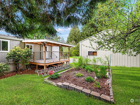 Private and tucked away with a partial bay view on a double lot( lot size is 16,988 square feet.) Newer roof, windows, and siding within the last few years. There is a 24 x 36 detached shop with 2 bays and a separate walled off work space. The yard is beautiful with many flower beds and a garden spot off the back covered deck. The inside of the home has been well maintained. The location is just minutes from Bellingham and Ferndale.
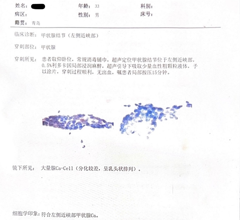 为保障患者手术顺利开展,科室请血液科协助制定了围手术期VIII因子的替代治疗方案,经全科病例讨论制定了周密的手术方案。患者经积极治疗后凝血功能、凝血因子活度符合手术要求,首先为患者进行了甲状腺细针穿刺活检,病理确定为甲状腺乳头状癌,临床分期为cT1aN0M0 I期。
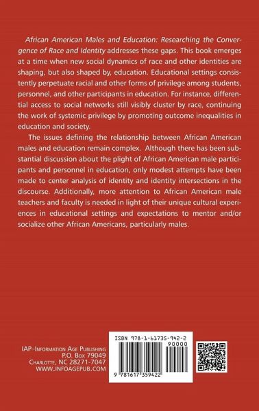 African American Males in Education: Researching the Convergence of Race and Identity addresses a number of research gaps. This book emerges at a time when new social dynamics of race and other identities are shaping, but also shaped by, education. Educational settings consistently perpetuate racial and other forms of privilege among students, personnel, and other participants in education. For instance, differential access to social networks still visibly cluster by race, continuing the work of systemic privilege by promoting outcome inequalities in education and society. The issues defining the relationship between African American males and education remain complex. Although there has been substantial discussion about the plight of African American male participants and personnel in education, only modest attempts have been made to center analysis of identity and identity intersections in the discourse. Additionally, more attention to African American male teachers and faculty is needed in light of their unique cultural experiences in educational settings and expectations to mentor and/or socialize other African Americans, particularly males.
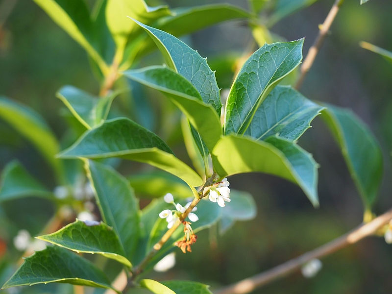 Osmanthus is a family of evergreen shrubs native to East Asia, many of which have small fragrant flowers in late summer or autumn. The species Osmanthus aquifolium (also referred to as O. heterophyllus) is particularly useful for hedging as it has spiky ‘holly’ leaves. The plant grows fairly slowly and does not need much pruning - just a trim of straggly branches in spring to keep it a dense shrub of around 1.5 to 2 metres height.
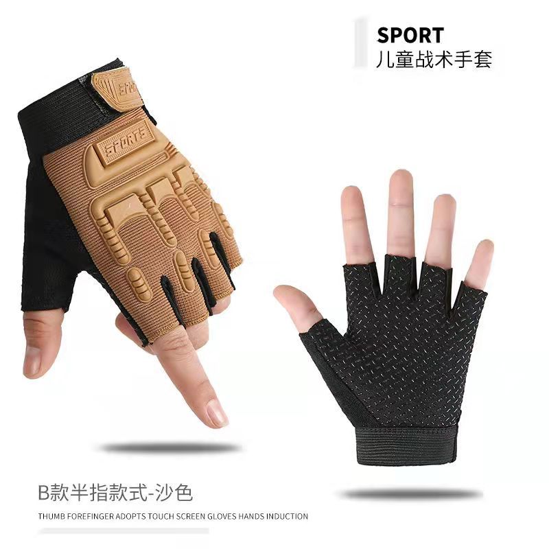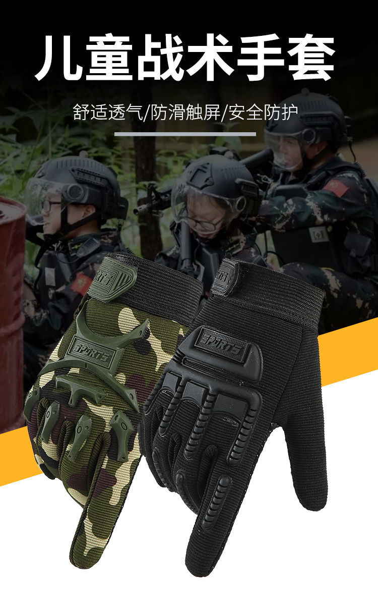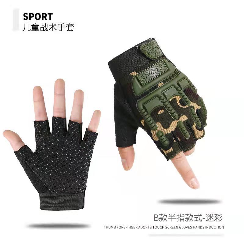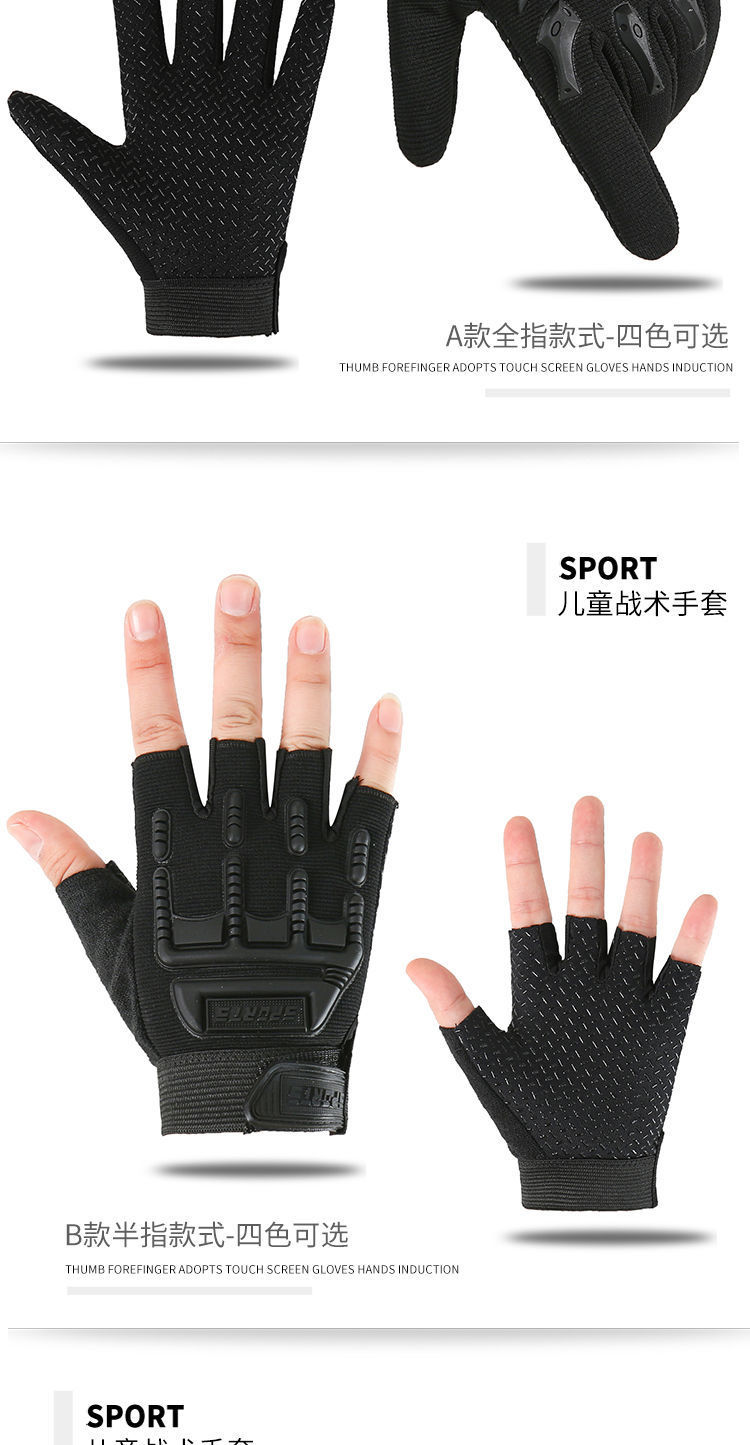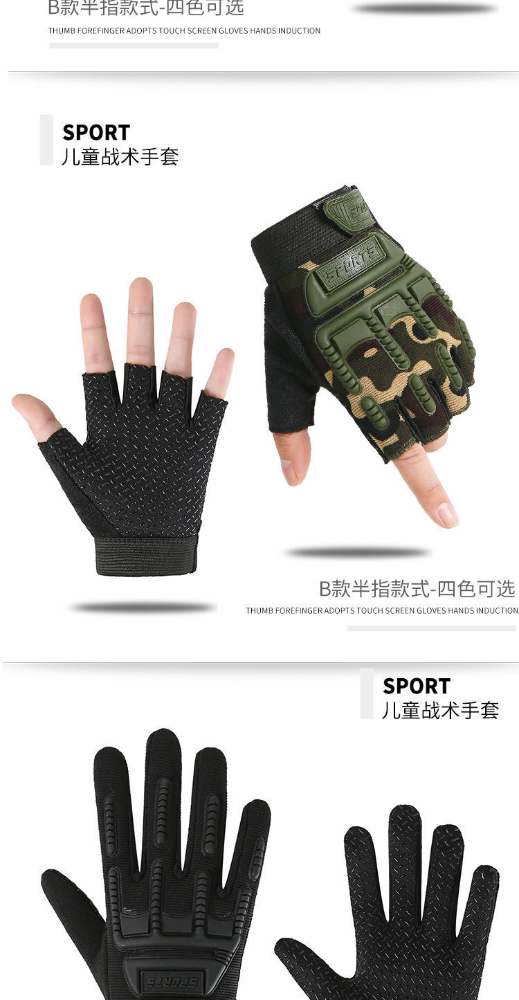 어린이 전술 장갑 반손가락 사이클링 훈련 장갑 소년 소녀 야외 스포츠 전체 손가락 장갑 보호 장갑

WORK ITEM: When you return the listing, keep it exact and omit any pictures it holds.

TASK RESPONSE:
 Private and tucked away with a partial bay view on a double lot( lot size is 16,988 square feet.) Newer roof, windows, and siding within the last few years. There is a 24 x 36 detached shop with 2 bays and a separate walled off work space. The yard is beautiful with many flower beds and a garden spot off the back covered deck. The inside of the home has been well maintained. The location is just minutes from Bellingham and Ferndale.
 为保障患者手术顺利开展,科室请血液科协助制定了围手术期VIII因子的替代治疗方案,经全科病例讨论制定了周密的手术方案。患者经积极治疗后凝血功能、凝血因子活度符合手术要求,首先为患者进行了甲状腺细针穿刺活检,病理确定为甲状腺乳头状癌,临床分期为cT1aN0M0 I期。
 African American Males in Education: Researching the Convergence of Race and Identity addresses a number of research gaps. This book emerges at a time when new social dynamics of race and other identities are shaping, but also shaped by, education. Educational settings consistently perpetuate racial and other forms of privilege among students, personnel, and other participants in education. For instance, differential access to social networks still visibly cluster by race, continuing the work of systemic privilege by promoting outcome inequalities in education and society. The issues defining the relationship between African American males and education remain complex. Although there has been substantial discussion about the plight of African American male participants and personnel in education, only modest attempts have been made to center analysis of identity and identity intersections in the discourse. Additionally, more attention to African American male teachers and faculty is needed in light of their unique cultural experiences in educational settings and expectations to mentor and/or socialize other African Americans, particularly males.
 Osmanthus is a family of evergreen shrubs native to East Asia, many of which have small fragrant flowers in late summer or autumn. The species Osmanthus aquifolium (also referred to as O. heterophyllus) is particularly useful for hedging as it has spiky ‘holly’ leaves. The plant grows fairly slowly and does not need much pruning - just a trim of straggly branches in spring to keep it a dense shrub of around 1.5 to 2 metres height.
 어린이 전술 장갑 반손가락 사이클링 훈련 장갑 소년 소녀 야외 스포츠 전체 손가락 장갑 보호 장갑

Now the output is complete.